Energy bills to be slashed as Boris Johnson looks to move on from partygate

·3 min read
Energy bills to be slashed as Boris Johnson looks to move on from partygate

Energy bills will be slashed for millions of Britons as part of a £10 billion package of measures set to be announced by Chancellor Rishi Sunak, as the prime minister seeks to move on from the partygate scandal.

Boris Johnson will attempt to shift attention to the cost-of-living crisis after the Sue Gray report, published on Wednesday, laid bare the raucous culture of drinking that led to lockdown breaches in Downing Street.

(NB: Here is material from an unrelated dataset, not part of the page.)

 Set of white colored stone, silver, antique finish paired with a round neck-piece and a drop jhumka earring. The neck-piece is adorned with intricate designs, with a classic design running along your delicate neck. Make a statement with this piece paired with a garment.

On Wednesday, the prime minister defied calls to resign despite accepting the “bitter and painful” conclusions of the senior civil servant’s inquiry. He said he “overwhelmingly” believes he should stay in power to tackle the nation’s challenges including the soaring costs of food and energy.

Chancellor Rishi Sunak will announce a new package of support likely to include a discount on energy bills funded by a windfall tax on oil and gas giants on Thursday.

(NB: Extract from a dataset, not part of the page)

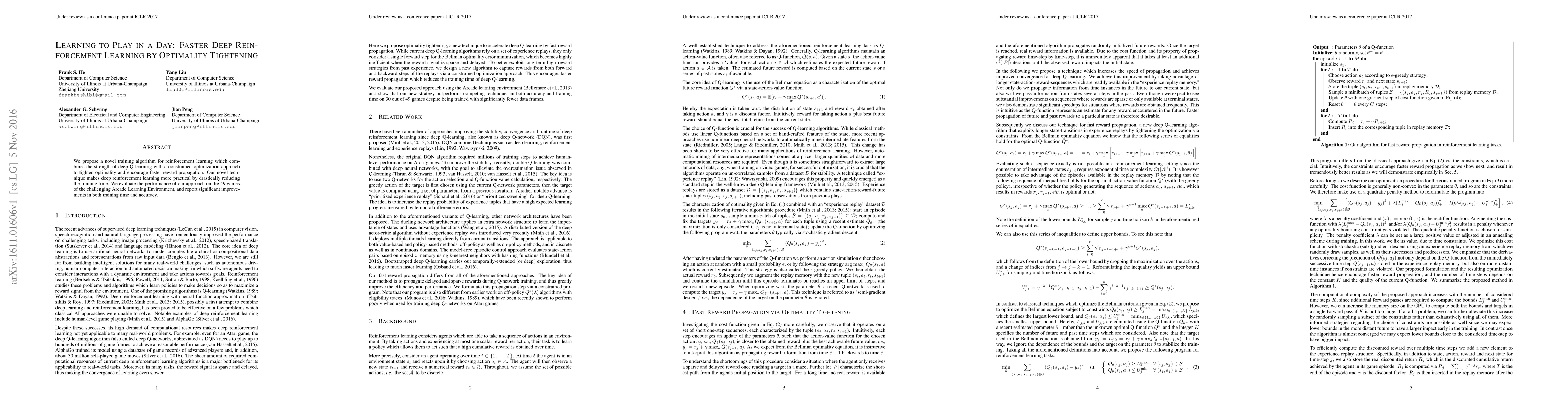 We propose a novel training algorithm for reinforcement learning which combines the strength of deep Q-learning with a constrained optimization approach to tighten optimality and encourage faster reward propagation. Our novel technique makes deep reinforcement learning more practical by drastically reducing the training time. We evaluate the performance of our approach on the 49 games of the challenging Arcade Learning Environment, and report significant improvements in both training time and accuracy.

Labour has repeatedly called for a windfall tax on energy firms who have seen a surge in profits in the past year. Shell reported a record £7 billion profit in the first three months of the year while BP made £5 billion - their highest profit in a decade.

The policy led to a rift in the Cabinet, with Brexit opportunities minister Jacob Rees-Mogg claiming the Government could not simply “raid” the “honey pot” of private businesses.

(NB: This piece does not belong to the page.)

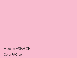 Hex #f9bbcf Color is a very light rose color and the nearest color is Orchid Pink #f2bdcd. Hex code #f9bbcf and RGB value is rgb(249,187,207). In RGB color space, this color is composed of 98% red, 73% green, 81% blue, In CMYK color space, this color is composed of 0% cyan, 25% magenta, 17% yellow , 2% black , In HSL color space, this color has a hue angle of 341° , 84% saturation and 85% lightness.

Downing Street was previously opposed to a windfall tax but is now understood to have sided with Mr Sunak, the BBC reports.

The intervention comes after Ofgem this week announced the energy cap would rise by a further £800 in October, bringing the typical household energy bill to £2,800 a year. The regulator estimated that the change would push some 12 million households into fuel poverty.

Mr Sunak has already announced a £150 rebate on energy bills for households in council tax bands A-D, but has faced criticism for failing to offer further support for Britain’s poorest families.

Meanwhile, the publication of Ms Gray’s report a day earlier led to fresh questions after it emerged she abandoned her investigation into an “Abba party” in the Downing Street flat.

Ms Gray said she judged it was not “appropriate or proportionate” to continue the “limited” progress she had made after the Metropolitan Police launched its investigation.

The force’s acting head Sir Stephen House could face questions over the saga when he appears before the London Assembly’s Police and Crime Committee on Thursday.

London Mayor Sadiq Khan has demanded an explanation into the force’s decisions after Mr Johnson was fined over just one event, despite being pictured drinking at another gathering.

Mr Johnson declined to implement a booze ban in Downing Street despite Ms Gray’s findings during a period when the Prime Minister ordered the public into isolation.

She said officials drank so much they were sick, became involved in altercations and abused security and cleaning staff.

Mr Johnson told a Downing Street press conference: “I understand why people are indignant and why people have been angry at what took place.”

Pressed on whether he ever considered resigning, he responded: “I overwhelmingly feel it is my job to get on and deliver.

“No matter how bitter and painful that the conclusions of this may be – and they are – and no matter how humbling they are, I have got to keep moving forward and the Government has got to keep moving. And we are.”